• Dataset section:
*** Block opens ***
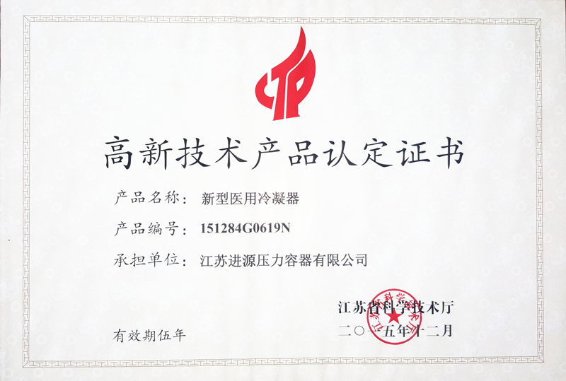 高新技術(shù)產(chǎn)品認定證書-新型醫(yī)用冷凝器
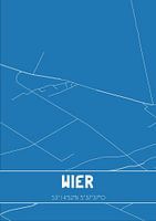 Blauwdruk van de landkaart / plattegrond van de Nederlandse plaats Wier, gelegen in gemeente Waadhoeke, provincie Fryslan. De kaart bevat alle openbare wegen en de coördinaten van het centrum van Wier.
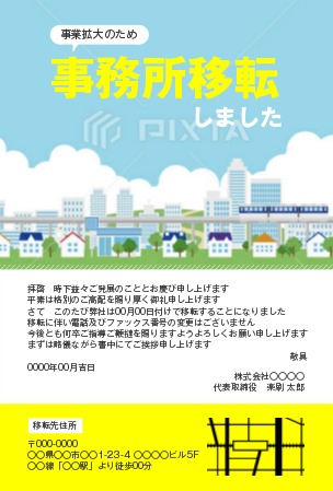 おしゃれなデザイン「事務所移転のお知らせ」ハガキやメール、ホームページの掲示画像に活用! イラストボックス「プレミアム」テンプレート。
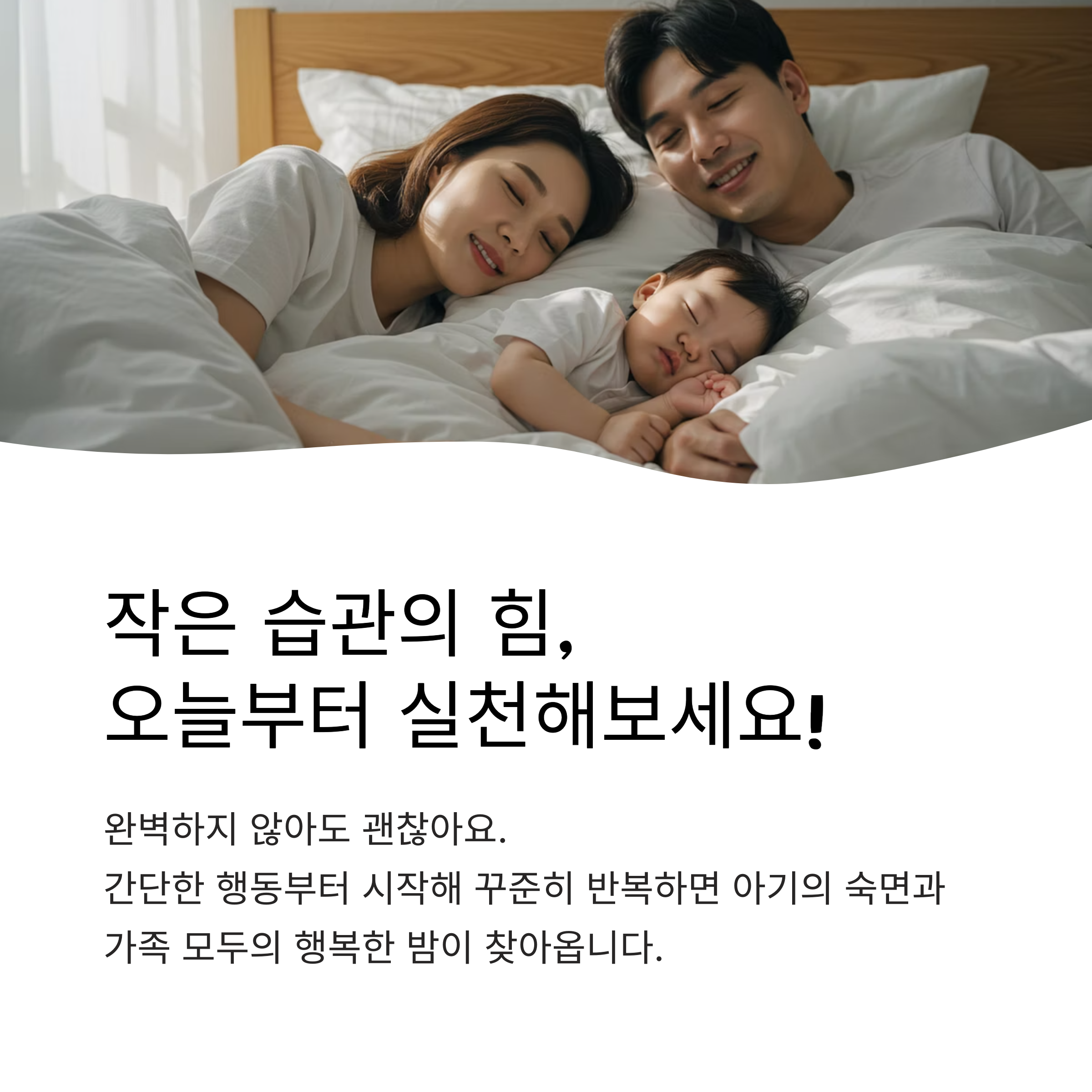 아기의 밤수면 루틴을 만들고 유지하는 과정은 분명 쉽지 않은 여정일 수 있습니다. 하지만 그 노력이 쌓여 아기뿐 아니라 부모 모두의 삶의 질을 높여주는 결과로 이어집니다. 매일 정해진 시간에 따뜻한 분위기 속에서 하루를 마무리하는 습관은 아기에게 큰 안정감을 줄 뿐 아니라, 부모와의 애착 형성에도 매우 중요한 역할을 합니다. 불완전해도 괜찮습니다. 중요한 건 일관성이고, 그 안에서 아기와 함께 성장해나가는 것입니다. 오늘부터 작은 변화 하나씩 시작해보세요. 분명 큰 차이를 느끼게 될 것입니다.
*** Block closes ***
Apart from the pictures, all of the data must be duplicated exactly as shown above.

• Response to this task:
 高新技術(shù)產(chǎn)品認定證書-新型醫(yī)用冷凝器
 Blauwdruk van de landkaart / plattegrond van de Nederlandse plaats Wier, gelegen in gemeente Waadhoeke, provincie Fryslan. De kaart bevat alle openbare wegen en de coördinaten van het centrum van Wier.
 おしゃれなデザイン「事務所移転のお知らせ」ハガキやメール、ホームページの掲示画像に活用! イラストボックス「プレミアム」テンプレート。
 아기의 밤수면 루틴을 만들고 유지하는 과정은 분명 쉽지 않은 여정일 수 있습니다. 하지만 그 노력이 쌓여 아기뿐 아니라 부모 모두의 삶의 질을 높여주는 결과로 이어집니다. 매일 정해진 시간에 따뜻한 분위기 속에서 하루를 마무리하는 습관은 아기에게 큰 안정감을 줄 뿐 아니라, 부모와의 애착 형성에도 매우 중요한 역할을 합니다. 불완전해도 괜찮습니다. 중요한 건 일관성이고, 그 안에서 아기와 함께 성장해나가는 것입니다. 오늘부터 작은 변화 하나씩 시작해보세요. 분명 큰 차이를 느끼게 될 것입니다.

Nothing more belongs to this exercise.